Fans of Irish rock legends Thin Lizzy have been paying tribute to the band at an event in Belfast.
Phil Lynott formed Thin Lizzy in Dublin in 1971
The mother of frontman Phil Lynott travelled to the city to attend a special concert and take part in a show on BBC Radio Ulster.
Philomena Lynott campaigns against drug abuse, which she believes is getting worse.
Phil, 34, died of heart failure in a Wiltshire clinic in January 1986 after years of battling drug addiction.
Thin Lizzy broke up in 1983. Fans around the world have raised money for a statue of Phil to be erected in Dublin's Grafton Street later this year.
His mother said: "Philip loved Belfast - he absolutely loved it - and as a matter of fact, so do I.
"I try to tell young people the dangers of drugs - because the drugs killed him.
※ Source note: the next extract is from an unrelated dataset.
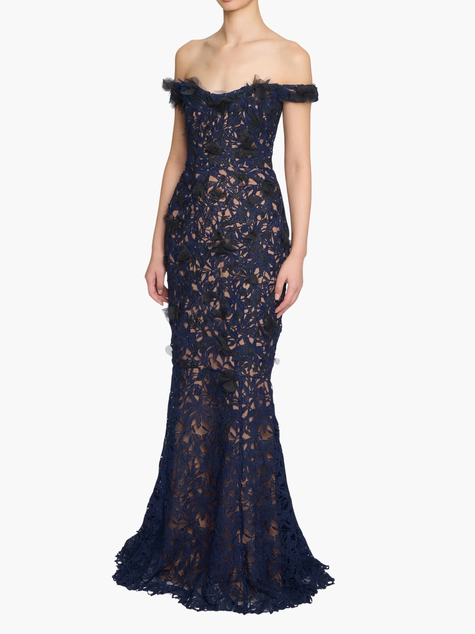 A vision of modern romance, this Guipure Lace Gown highlights a sculpted off-the-shoulder neckline and dimensional 3D petals that bloom across with intricate lacework. The design follows the body’s natural lines before unfolding into a gentle flare that allows for soft movement.

"He told all his friends not to let me know, and I used to say to Philip: 'Please never take heavy drugs'.
"The drugs are a killer and they are out there. They are in our schools - they are trapping our kids.
"If I can stop one mother going through what I went through, then I can go to my grave happy."
Philomena was guest of honour at Friday night's event in Spring and Airbrake on Belfast's Ormeau Avenue.
The show was organised by Ivan Preston, co-owner of Belfast's Guitar Emporium.
"Thin Lizzy were a massive band in their time and continue to be so," he said.
"They had a very unique sound. They had a unique guitar sound with the twin guitars.
"But what I think made them so unique was the dulcet tones of Philip and that Dublin brogue coming through - you cannot mistake when you hear a Thin Lizzy song."
Last August, Thin Lizzy's Live and Dangerous LP was voted the best live rock album by readers of a music magazine.